The WRAIR vaccine skips both the instruction and creation steps, bringing the already-formed spike protein straight into the arm along with an immune-boosting adjuvant compound, quickly starting the antibody response.
And unlike other protein-based vaccines being tested, the WRAIR candidate presents virus-looking nanoparticles, each with a consistent array of 24 spike proteins arranged in small bouquets of three protruding from a ferritin base.
"There's a lot of theories as to why something presented in this fashion gives such a good immune response, but in some ways you can see it looks like a virus as well," Modjarrad said. "So it has some properties that educate the immune response in a way that it gives you a very strong, but also a broad response."
Test results with thousands of mice and dozens of monkeys have been promising.
"We think (other) vaccines are probably going to be protective against new variants, but they might be decreased in their protection," Modjarrad said. "What we've seen with our vaccine so far in animals ... is that the vaccine is not decreased in effectiveness against those variants at all. And it is effective against other coronaviruses like SARS-1. So what we have developed now is starting to look like a pan-SARS vaccine ... and we're going to start testing everything in between."
If successful in clinical trials, WRAIR's vaccine could become common among the U.S. population, possibly as a booster for already-vaccinated people.
Being a military lab, practicality was a primary design concern, which could incidentally give their product global appeal. In particular, it is highly stable and doesn't require special freezing.
"That means you can put it in a cooler on the back of a motorcycle in the Amazon or the Sahara or wherever, and that vaccine should still be OK," Modjarrad said.
But the "if" remains. Though the WRAIR scientists brim with confidence in conversation, they are soberly aware that their product has yet to be proven in humans.
"They have some very early data to suggest in the laboratory that the immune response evoked by this vaccine will cover a variety of different strains," said Dr.
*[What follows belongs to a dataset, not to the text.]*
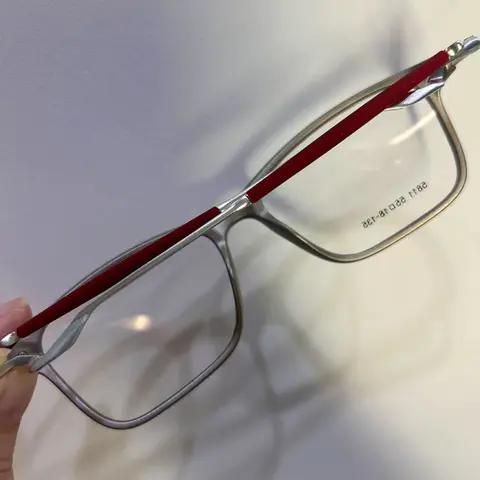 Crafted from durable TR90 and metal, our Gray/Silver Rectangle glasses feature a full-rim design for lasting comfort and style. The sleek finish and red temple tips add a modern touch, perfect for work, leisure, or everyday wear.

William Schaffner, a professor of preventative medicine and infectious diseases at Vanderbilt University in Nashville. "Whether that translates actually into protection in people against the variety of strains -- that remains to be determined. Long journeys, first steps."
On Tuesday, retired Army Col. Francis Holinaty stepped up to be the first to be injected in WRAIR's Phase 1 trial.
"Over my 30-year career I have served in many places around the world in many different operational settings, some more arduous than others, some more hazardous than others," Holinaty said. "And one day I'm on the Metro, and it's almost as if it was fate -- I just looked up and I saw a poster, and I saw Walter Reed, and it took me a while to process what this poster was saying. And when it dawned on me that they were trying to do a trial for the COVID-19, I saw this as another opportunity to just serve."
Holinaty can't be sure whether he received a dose of the vaccine or a placebo, but said afterward that he felt fine. He wanted people to know that there are many ways to fight the pandemic.
"You don't have to be in the military, you don't have to be a first responder, but you can help all," he said. "And if you have a calling to help people this is just one of the ways you can do it."